Back in my formative baby boomer years I was a keen jazz fan. I loved Dave Brubeck and singers such as Ella Fitzgerald and Mel Torme. Then the Beatles and the 60s took over and jazz slipped into the background. Over the years I didn’t completely eschew jazz, enjoying the smoky sounds of masters such as Miles Davis, but have added many genres to my aural amusement list ranging from the classical – I’m a long-time subscriber to the Australian Chamber Orchestra – to blues, country, bluegrass, zydeco, world, you name it.

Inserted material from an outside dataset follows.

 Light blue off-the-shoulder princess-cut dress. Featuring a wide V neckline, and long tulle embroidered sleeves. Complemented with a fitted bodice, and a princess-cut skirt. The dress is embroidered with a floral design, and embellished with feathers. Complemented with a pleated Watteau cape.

Now I’m being reintroduced to the evolving world of jazz through the work of my Paris-based nephew, Alex Stuart, who is winning awards in his adopted country for his complex compositions and playing style. It’s very different to the jazz that caught my early attention and reflects the multicultural nature of today’s world, especially his world in cosmopolitan Paris, with its melting pot of post-French-colonial citizenry. The City of Light is one of the world’s jazz hotspots keeping company with the likes of New York and Montreal.

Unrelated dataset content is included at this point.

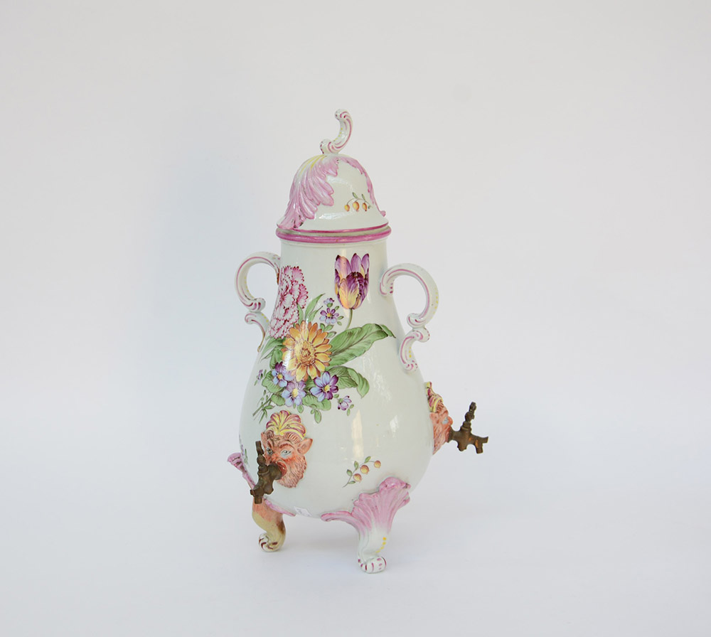 Grande caffettiera/teiera montata a samovar con tre mascheroni leonini policromi da cui fuoriescono tre rubinetti in metallo. Due manici a doppio ricciolo profilati in porpora. Decoro naturalistico policromo a mazzi di fiori. Tre piedini a ricciolo plasmati a foglie rilevate all’innesto con il corpo ovoidale. Coperchio con presa a ricciolo e foglie a rilievo (h cm 45). Restauri ad un manico ed ai piedini. Marca di fabbrica. Area tedesca, XIX secolo

Alex’s music assimilates this urbane mix with inspiration from rock musicians such as Dirty Projectors, Bjork and Grizzly Bear, and African, Asian and Latin American accents. The acclaimed spirit and techniques of West African music have infiltrated as a result of a stint in the group ‘Abakuya’, led by Camerounian Francois Essindi, and a 2009 residency in India with master sarodist Anindya Banerjee added the beautiful melodies and complex rhythms of the Hindustani classical tradition.

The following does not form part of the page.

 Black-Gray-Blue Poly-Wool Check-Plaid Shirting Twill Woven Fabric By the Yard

Alex moved to Paris in 2005 after completing his Bachelor of Music at the Australian National University School of Music. The city was already familiar: he lived there with his family for four years when he was a schoolboy. But not even Paris can dull the call of the Australian surf and beautiful South Coast New South Wales with Alex strategically planning an Australian tour to promote his new album Place to Be that incorporated a gig at the newly completed Windsong Pavilion at the Four Winds Festival site at Barragga Bay, Bermagui. It drew a sell-out crowd including many baby boomers like me who obviously harboured fond memories of a beatnik past.
After-gig drinks on the lawns in the sylvan environs of the Windsong Pavilion at Barragga Bay.